*WHAT THE TASK REQUIRES*
Produce an exact transcription of the listing below, omitting the pictures.
######
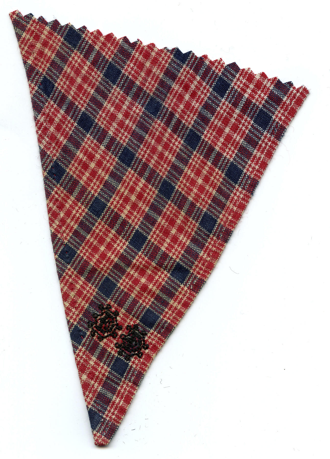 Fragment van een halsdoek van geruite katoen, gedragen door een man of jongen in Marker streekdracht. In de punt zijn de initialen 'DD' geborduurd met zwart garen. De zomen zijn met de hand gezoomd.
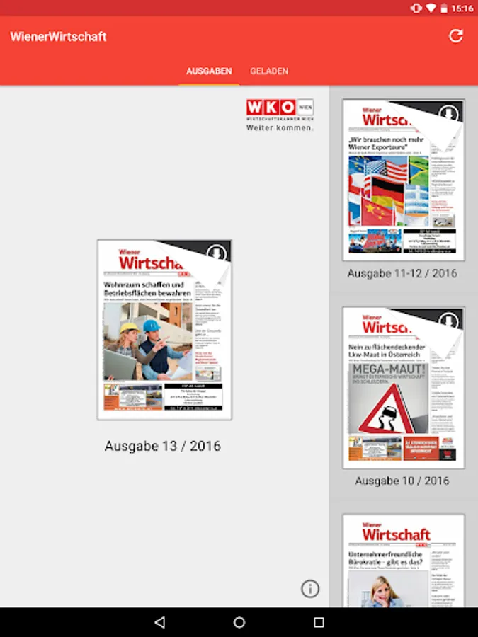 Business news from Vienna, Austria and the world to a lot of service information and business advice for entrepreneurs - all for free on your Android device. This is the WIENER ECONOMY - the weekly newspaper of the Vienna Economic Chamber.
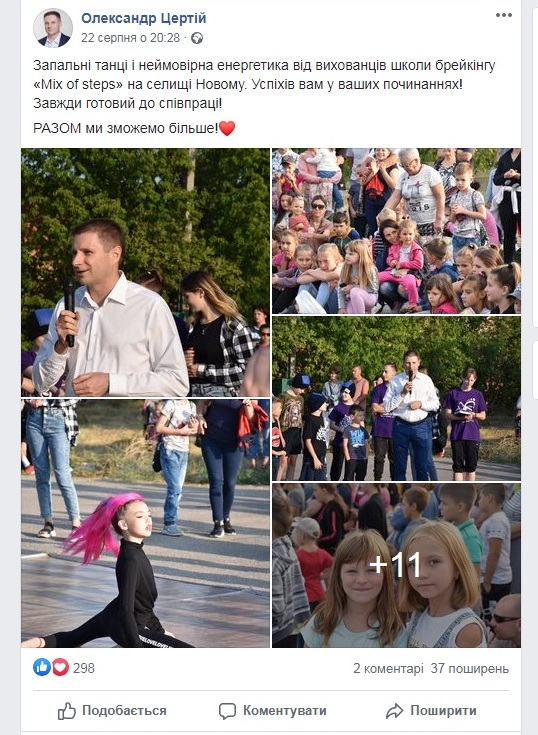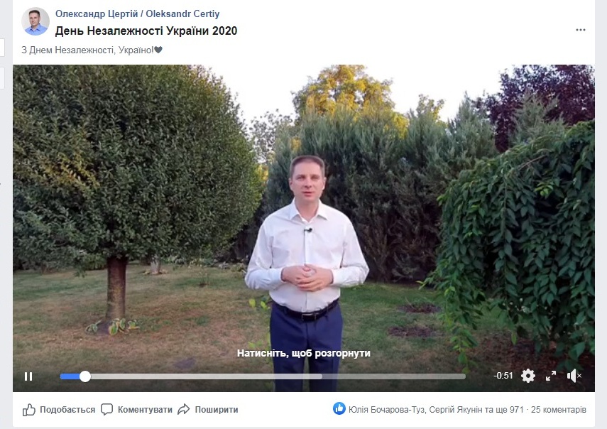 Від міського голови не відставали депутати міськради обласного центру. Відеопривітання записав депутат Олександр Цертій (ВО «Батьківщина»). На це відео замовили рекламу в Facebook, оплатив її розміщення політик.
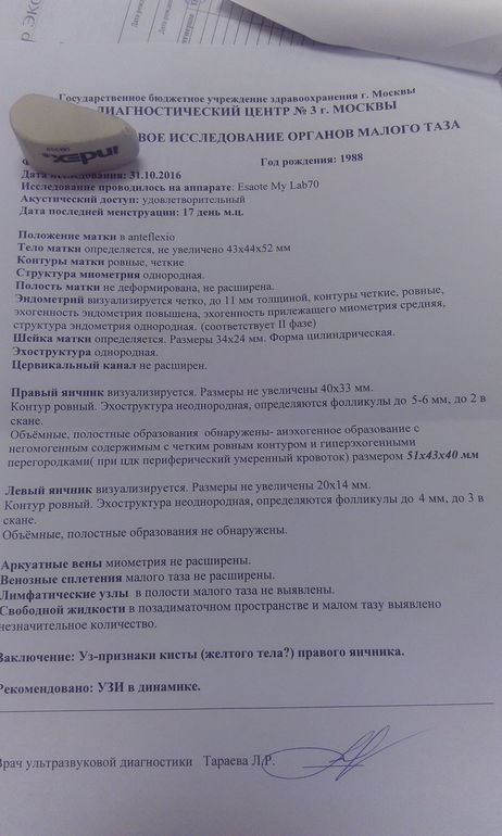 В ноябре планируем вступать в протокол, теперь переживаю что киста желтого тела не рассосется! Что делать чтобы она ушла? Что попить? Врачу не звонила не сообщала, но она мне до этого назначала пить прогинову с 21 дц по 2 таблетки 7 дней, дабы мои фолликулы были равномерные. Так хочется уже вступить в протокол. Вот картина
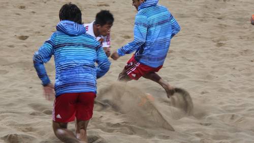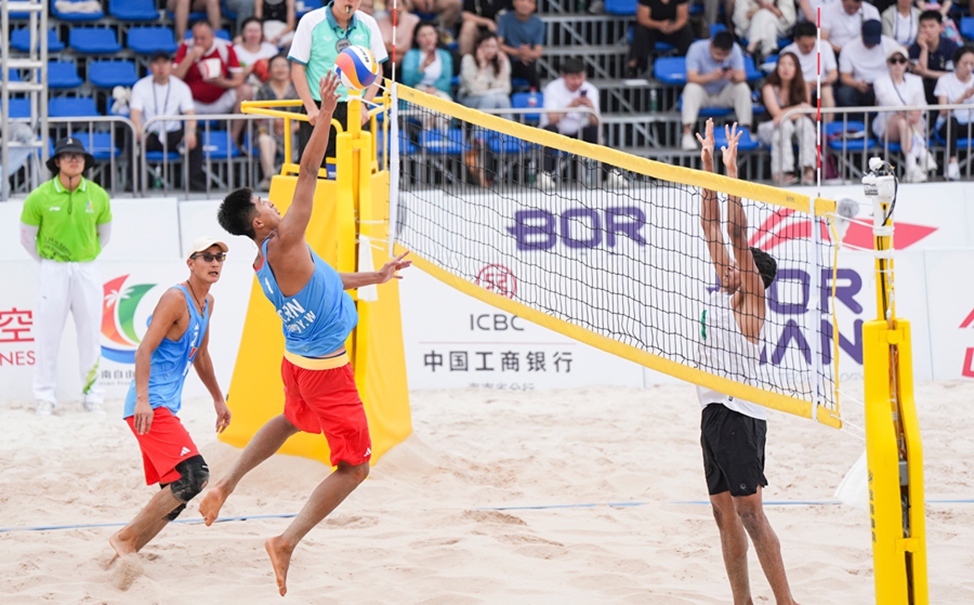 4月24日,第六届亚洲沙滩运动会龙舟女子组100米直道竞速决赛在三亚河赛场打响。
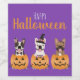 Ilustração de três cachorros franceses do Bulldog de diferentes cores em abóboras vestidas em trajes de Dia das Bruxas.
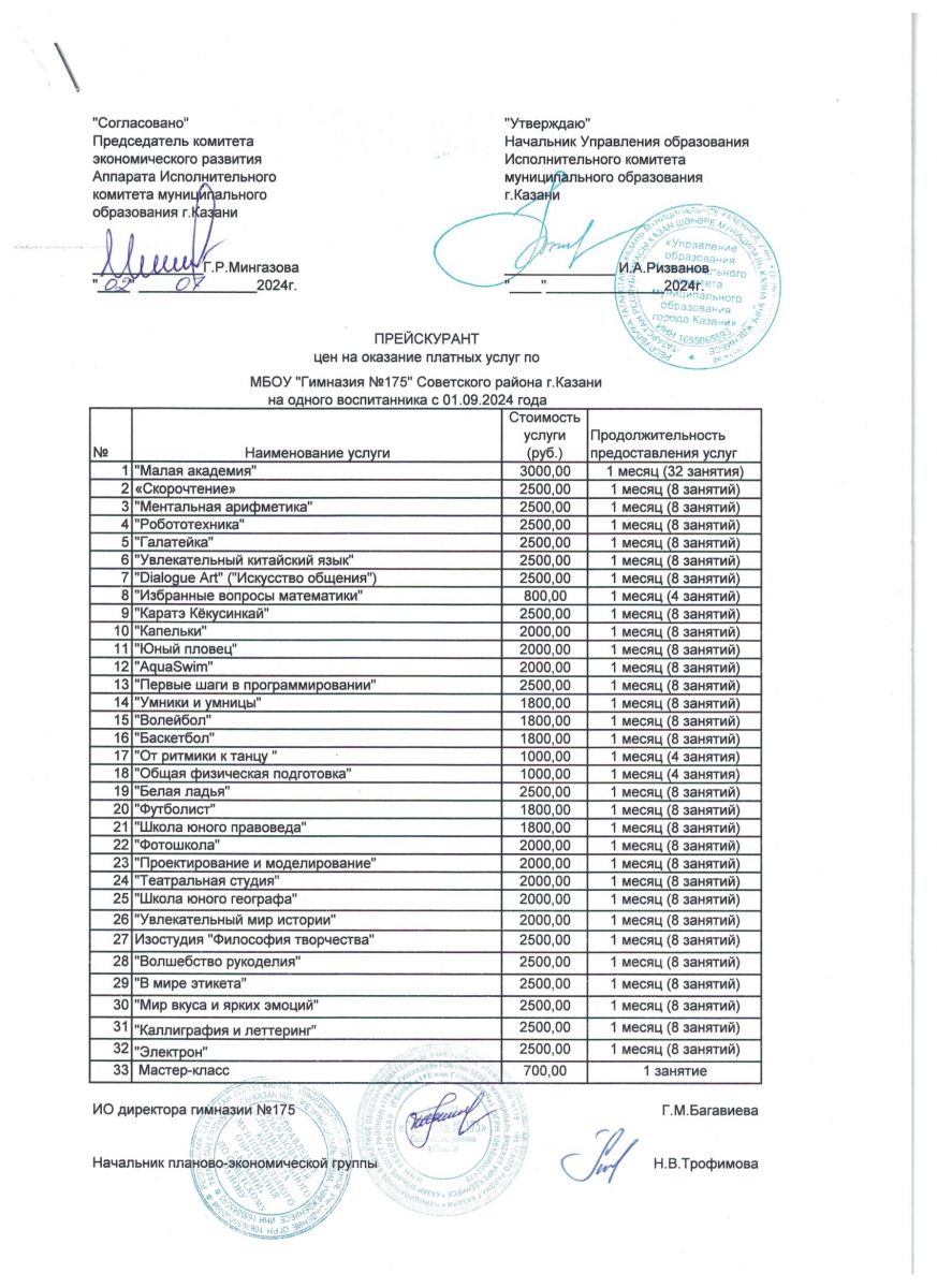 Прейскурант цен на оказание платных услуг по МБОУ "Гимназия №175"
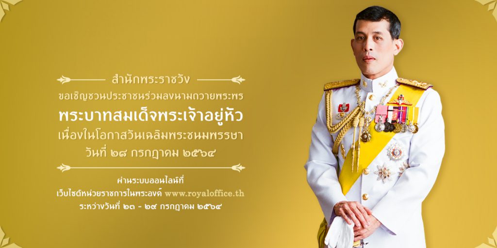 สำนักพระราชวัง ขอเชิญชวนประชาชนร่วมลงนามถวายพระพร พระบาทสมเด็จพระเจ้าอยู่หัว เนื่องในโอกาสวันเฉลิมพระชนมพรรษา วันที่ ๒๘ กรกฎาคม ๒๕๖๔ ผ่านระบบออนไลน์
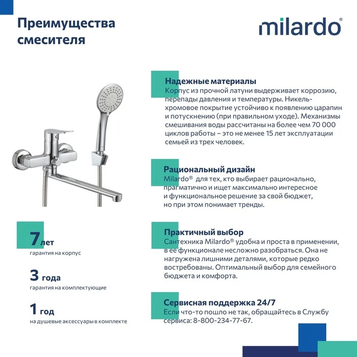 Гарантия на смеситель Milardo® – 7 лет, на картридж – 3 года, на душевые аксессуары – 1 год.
######
*SOLUTION TO THE PROBLEM*
 Fragment van een halsdoek van geruite katoen, gedragen door een man of jongen in Marker streekdracht. In de punt zijn de initialen 'DD' geborduurd met zwart garen. De zomen zijn met de hand gezoomd.
 Business news from Vienna, Austria and the world to a lot of service information and business advice for entrepreneurs - all for free on your Android device. This is the WIENER ECONOMY - the weekly newspaper of the Vienna Economic Chamber.
 Від міського голови не відставали депутати міськради обласного центру. Відеопривітання записав депутат Олександр Цертій (ВО «Батьківщина»). На це відео замовили рекламу в Facebook, оплатив її розміщення політик.
 В ноябре планируем вступать в протокол, теперь переживаю что киста желтого тела не рассосется! Что делать чтобы она ушла? Что попить? Врачу не звонила не сообщала, но она мне до этого назначала пить прогинову с 21 дц по 2 таблетки 7 дней, дабы мои фолликулы были равномерные. Так хочется уже вступить в протокол. Вот картина
 4月24日,第六届亚洲沙滩运动会龙舟女子组100米直道竞速决赛在三亚河赛场打响。
 Ilustração de três cachorros franceses do Bulldog de diferentes cores em abóboras vestidas em trajes de Dia das Bruxas.
 Прейскурант цен на оказание платных услуг по МБОУ "Гимназия №175"
 สำนักพระราชวัง ขอเชิญชวนประชาชนร่วมลงนามถวายพระพร พระบาทสมเด็จพระเจ้าอยู่หัว เนื่องในโอกาสวันเฉลิมพระชนมพรรษา วันที่ ๒๘ กรกฎาคม ๒๕๖๔ ผ่านระบบออนไลน์
 Гарантия на смеситель Milardo® – 7 лет, на картридж – 3 года, на душевые аксессуары – 1 год.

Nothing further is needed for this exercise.